Many fashion experts seem to suggest that it’s important to look towards “quality” rather than “quantity” and to invest in key wardrobe “staples”, rather than just buying the first thing that catches the eye.
Most men in their fifties, and older, can certainly remember that the Leather Jacket was “de-rigueur” in the 1980s and often represented the finishing touch to their outfit.Many men are creatures of habit and will always feel comfortable in something that they were happy to wear during their formative years.Although we must consider whether nostalgia can sometimes blind our vision in terms of taste and suitability.From the more practical perspective, we should always realise that, bodies don’t often change proportionately with age as much as we might think.Whether a body shape is long, broad, or prone to “spread”, this shape remains the one which will always be our template.
We should also consider the practicality of adding a leather jacket to our wardrobe.
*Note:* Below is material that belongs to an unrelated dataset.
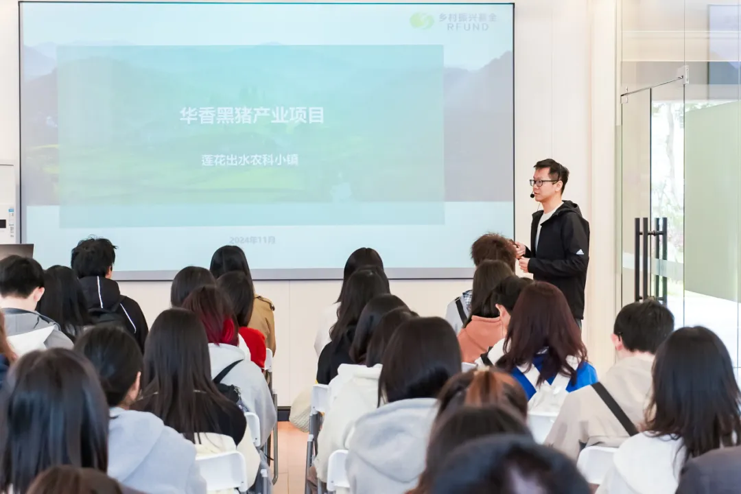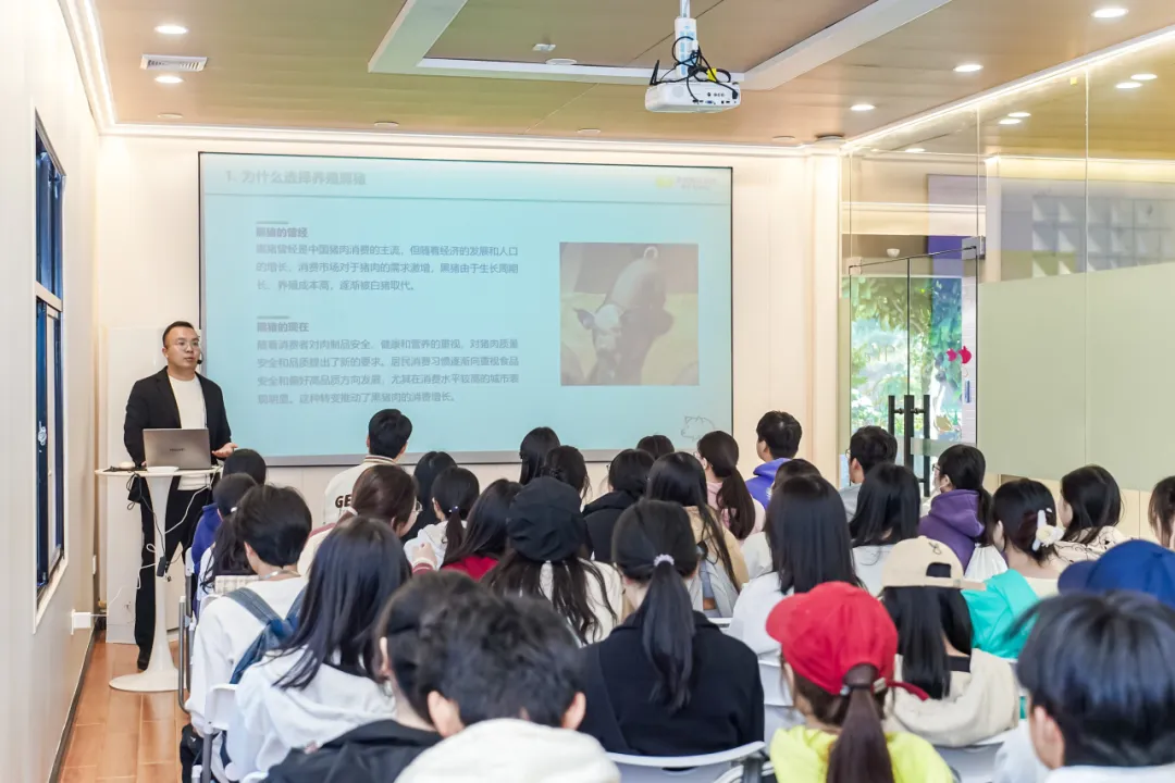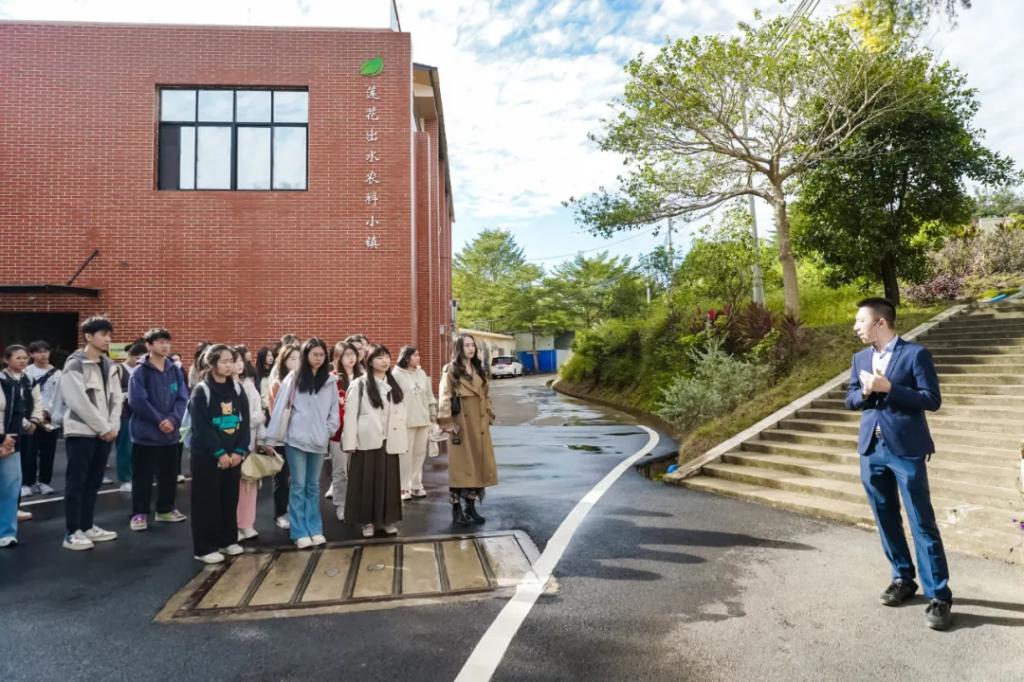 研学团实地参观黑猪养殖和黑米种植基地,了解了企业运用多种创新技术提升生产效率和产品质量的实践经验。莲花出水农科小镇生猪产业项目CEO黎炽明、黑米产学研项目CEO陈泓良为我们师生详细介绍了华香黑猪养殖和黑米种植的产业概况,全面阐释华香黑猪和黑小宝全谷黑米对品质与健康的追求。农科小镇充分体现了科技创新在农业领域的应用,在科技的帮助下,有效提高当地农业资源的产出量,显著提升了产品附加值。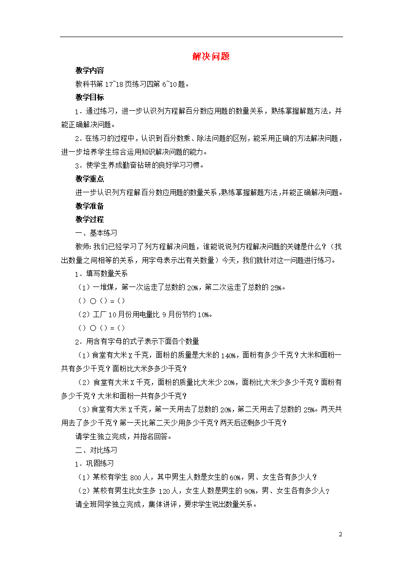 2解决问题教学内容教科书第17~18页练习四第6~10题。教学目标1.通过练习,进一步认识列方程解百分数应用题的数量关系,熟练掌握解题方法,并能正确解决问题。2.在练习的过程中,认识到百分数乘、除法问题的区别,能采用正确的方法解决问题,进一步培养学生综合运用知识解决问题的能力。3.使学生养成勤奋钻研的良好学习习惯。教学重点进一步认识列方程解百分数应用题的数量关系,熟练掌握解题方法,并能正确解决问题。教学准备教学过程一、基本练习教师:我们已经学习了列方程解决问题,谁能

As long as the styling isn’t too extreme, especially for anyone past his formative years;most styles won’t date and a good leather jacket will usually physically outlast it’s fabric counterparts.Leathers big advantage over cloth is that it’s not woven. So, although initial cost might require full consideration, long-term investment will usually stand the wearer in good stead.
Having decided that a Leather Jacket should be put on the shopping list; it’s time to look at the options. Although, it’s no easy task as there seem to be so many different styles and variations.The rule of thumb has to be that you shouldn’t be looking for the best jacket but the one which is best for You…The one that feels most comfortable and will best compliment your existing or planned “wardrobe” style.Using some our specified categories we can, therefore, give examples of Mens Leather Jackets which will, undoubtedly, fulfil the need for any 50 year old man’s fashion staple.
1.Classic Zip Leather Jackets
The original bomber jackets were designed for the crew of the planes they got their name from.The style hasn’t changed that much since.For the most part “Bombers” evolved into “Blousons”..waist length leather jackets with elasticated waistbands.Typically these are no frill jackets that can be worn both smart or casual.Take away the waist elastication and you have a very simple zip-up jacket that is as versatile as anything that you will find; and incredibly comfortable to wear along side almost any other item of clothing…any time of the year.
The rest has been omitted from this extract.